Bregman is one of eight players 23 years or younger who have hit multiple homers in the same World Series. Count Hank Aaron, Mickey Mantle and Jimmie Foxx among them.
Fox has singled him out for interviews. The New York Times has featured him.
“He loves baseball more than anybody I’ve ever seen,” his teammate Brian McCann told FS1 in its postgame show. “He lives for these moments.”
During the Series so far, in five games and 22 at-bats, Bregman has five runs, six hits, a double, two homers, five RBIs, two walks and a .274 batting average.
In Game 1, he hit a solo homer off a fastball from Dodgers ace Clayton Kershaw, providing the Astros their only run in a 3-1 loss.
He had two hits in Game 2, an epic 7-6 Houston win in 11 innings.

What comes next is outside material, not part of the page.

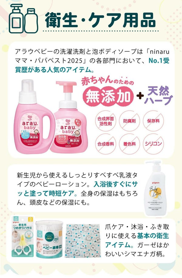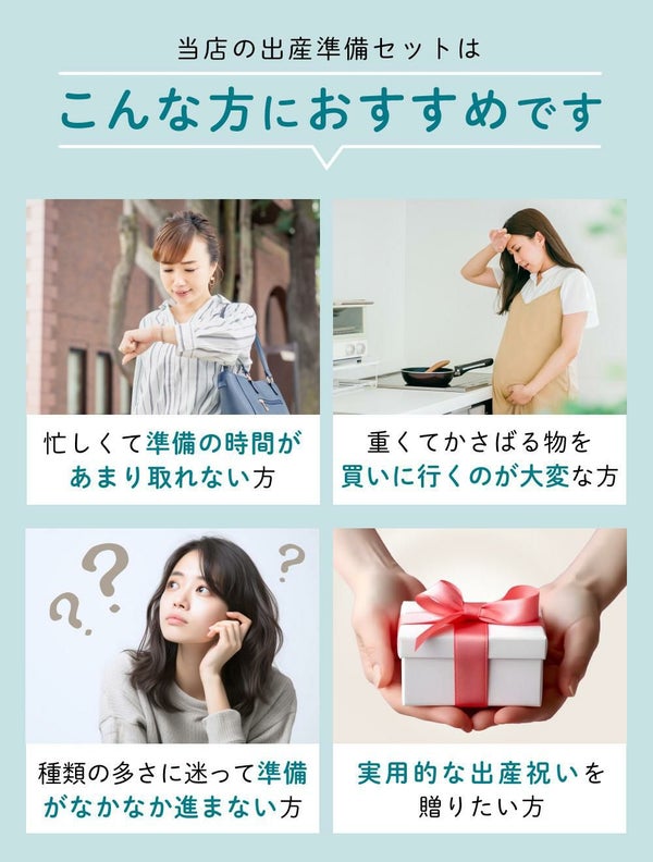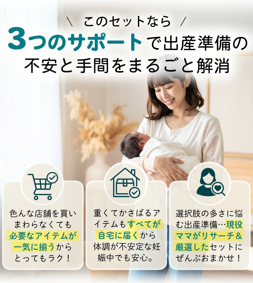 「何をそろえたらいいかわからない」「買い回りが大変」「妊娠中の買い物がしんどい」──そんな方にも安心のお届け内容で、必要なものをまるっとひとまとめにしています。
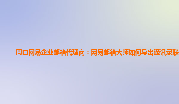 2024-02-28周口網易企業郵箱代理商:網易郵箱大師如何導出通訊錄聯系人 作為網易企業郵箱的代理商,我們發現越來越多的企業開始使用企業郵箱來提高工作效率和團隊協作能力。而其中最常用的功能之一就是通訊錄。通過企業郵箱的...

He was relatively quiet in Game 3, still contributing an RBI and a walk in Houston’s 5-3 win.
Lest we forget his defense at third base, in Game 4, with the game tied 0-0 in the sixth, Bregman charged a Charles Taylor grounder and darted a throw home to catcher McCann, who forced out Austin Barnes. His glove work has been praised by, among others, Alex Rodriguez, a man who used to roam third base territory with flair.
The Astros lost Game 4, 6-2, but Bregman also contributed his second homer of the Series — off Jansen.
In Game 5, before his 10th-inning heroics, he finagled a 10-pitch walk off Kershaw, forcing Dodgers manager Dave Roberts to yank his ace in the fifth inning.
With the game knotted at 12-12, and after Sunday had become Monday, Bregman watched as the table was set for him. With two outs in the 10th, Jansen hit McCann with a pitch. The next batter, George Springer, then walked. With the potential winning run in scoring position at second base, speedy pinch-runner Derek Fisher came in to run for McCann as Bregman stepped to the plate.
“It’s your time,” Astros All-Star Carlos Correa told Bregman as he approached his moment.
Since he had hit Jansen’s slider for a homer the night before, Bregman figured he would not see that pitch. He said he looked for something down in the strike zone, something he could stay on top of. And that’s what he got — a cutter down and away. He slapped a single to left field and Fisher sprinted home. After five hours and 17 minutes, it was over and Bregman was part of World Series lore.
“That guy lives for stuff like this,” Springer said of Bregman. “He loves it. I noticed he was digging in the box a little harder. He wanted to be the guy to do it.”
Bregman said to the nation’s media: “It’s such a special feeling that I’m so fortunate and blessed to feel.”